— Try it —
Each line of the data below between the one containing "스트라스부르 vs 클레르몽 푸트" and the one containing "Hex #8ac8ba Color", both included, is to be repeated exactly. Please omit pictures.
··· Available data
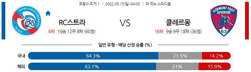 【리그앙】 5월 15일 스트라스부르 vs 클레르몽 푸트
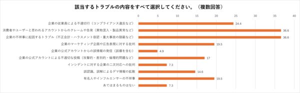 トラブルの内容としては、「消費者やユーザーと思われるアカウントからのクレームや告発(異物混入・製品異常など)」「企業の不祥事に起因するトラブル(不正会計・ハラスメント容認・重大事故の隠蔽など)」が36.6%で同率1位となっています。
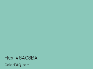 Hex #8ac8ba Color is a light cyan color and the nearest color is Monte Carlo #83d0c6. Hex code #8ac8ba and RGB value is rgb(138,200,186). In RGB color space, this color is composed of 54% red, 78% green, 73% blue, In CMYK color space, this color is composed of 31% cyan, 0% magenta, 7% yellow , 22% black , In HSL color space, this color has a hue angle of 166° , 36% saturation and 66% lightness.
······
··· Available data
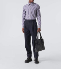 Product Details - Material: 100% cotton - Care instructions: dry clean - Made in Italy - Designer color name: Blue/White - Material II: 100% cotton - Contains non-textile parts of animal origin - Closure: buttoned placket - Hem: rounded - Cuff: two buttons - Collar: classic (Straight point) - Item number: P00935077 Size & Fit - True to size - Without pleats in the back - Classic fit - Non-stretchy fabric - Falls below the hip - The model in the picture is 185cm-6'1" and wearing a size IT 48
······
— Answer to this exercise —
 【리그앙】 5월 15일 스트라스부르 vs 클레르몽 푸트
 トラブルの内容としては、「消費者やユーザーと思われるアカウントからのクレームや告発(異物混入・製品異常など)」「企業の不祥事に起因するトラブル(不正会計・ハラスメント容認・重大事故の隠蔽など)」が36.6%で同率1位となっています。
 Hex #8ac8ba Color is a light cyan color and the nearest color is Monte Carlo #83d0c6. Hex code #8ac8ba and RGB value is rgb(138,200,186). In RGB color space, this color is composed of 54% red, 78% green, 73% blue, In CMYK color space, this color is composed of 31% cyan, 0% magenta, 7% yellow , 22% black , In HSL color space, this color has a hue angle of 166° , 36% saturation and 66% lightness.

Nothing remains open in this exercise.